Laptop with open applications that are connected

Synthetic data has become an emerging topic in the artificial intelligence (AI) world. 

More than ever, organizations turn to advanced analytics and AI to optimize their operational process, enhance customer experience or innovate new products and services. But, to stay competitive in today’s landscape using these capabilities, organizations need bigger access to internal and external data – a resource that is hard to find, not always available, and sometimes tricky to use. Especially customer data. Given the increased emphasis on data protection and AI ethics in Europe, many organizations have started deescalating their AI innovation efforts. They wonder how to maintain competitiveness in the algorithmic economy when data is abundant, but can not be used to train models. 

That is why most professionals agree that synthetic data has value to address these issues. To better understand the value of synthetic data, we’ll open some of the fundamental questions in this article: What is synthetic data? How is it generated? Who benefits the most? And are there any valuable examples from everyday life?

Glasses in front of computer screens with data and codes
Photo by Kevin Ku from Unsplash

 What Is Synthetic Data and How Is It Generated?

Synthetic data is data that is artificially created by ML algorithms instead of generated by actual events. It can be used for a wide range of activities, such as testing data for new products and tools, or adding more complexity in AI training models.
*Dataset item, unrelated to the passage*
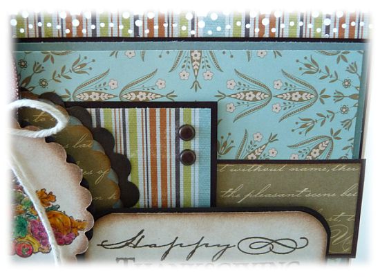 Oh, this is just fabulous. I love the non-traditional autumn colors you choose. Really beautiful card and great string you used for the bow. Terrific job on the Strings Attached challenge. So happy you could play along with us at the CCC this week.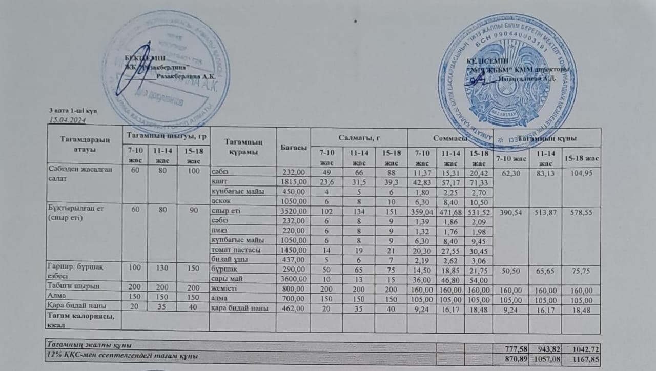 Күнделікті тегін тамақтану мәзірі (15.04.2024)

Many sources identify different types of synthetic data for various purposes. One article by Statice explained the three common types:

  • Synthetic text
  • Synthetic images and videos 
  • Tabular synthetic data 

Synthetic data is typically created via a generative model from the original dataset that produces synthetic copies resembling accurate data. The main generative models for synthetic data are Generative Adversarial Networks (GANs), Variational Autoencoders (VAEs), and Autoregressive models. 

If it needs to be simplified, synthetic data can be generated when there is not some or many real data. If there is no actual data, but a broad understanding of data set distribution, a random sample of any distribution can be created. The synthetic data’s quality depends on the engineer’s grasp of a specific data environment. Where real data does not exist, synthetic data can be the right solution. When there is real data, synthetic data is generated by a best-fit distribution. A hybrid synthetic data generation approach is used when only some real data exists, where part of the dataset is generated from assumed distributions and other parts from actual data.

What Are the Advantages and Disadvantages of Synthetic Data?

Organizations have more data than ever at their disposal, but the critical challenge is how to use the insights from the datasets for impactful solutions.

Organizations use big data tools and advanced analytics applications to generate value from their massive datasets. Synthetic data has a significant role in the development and improvement of critical applications.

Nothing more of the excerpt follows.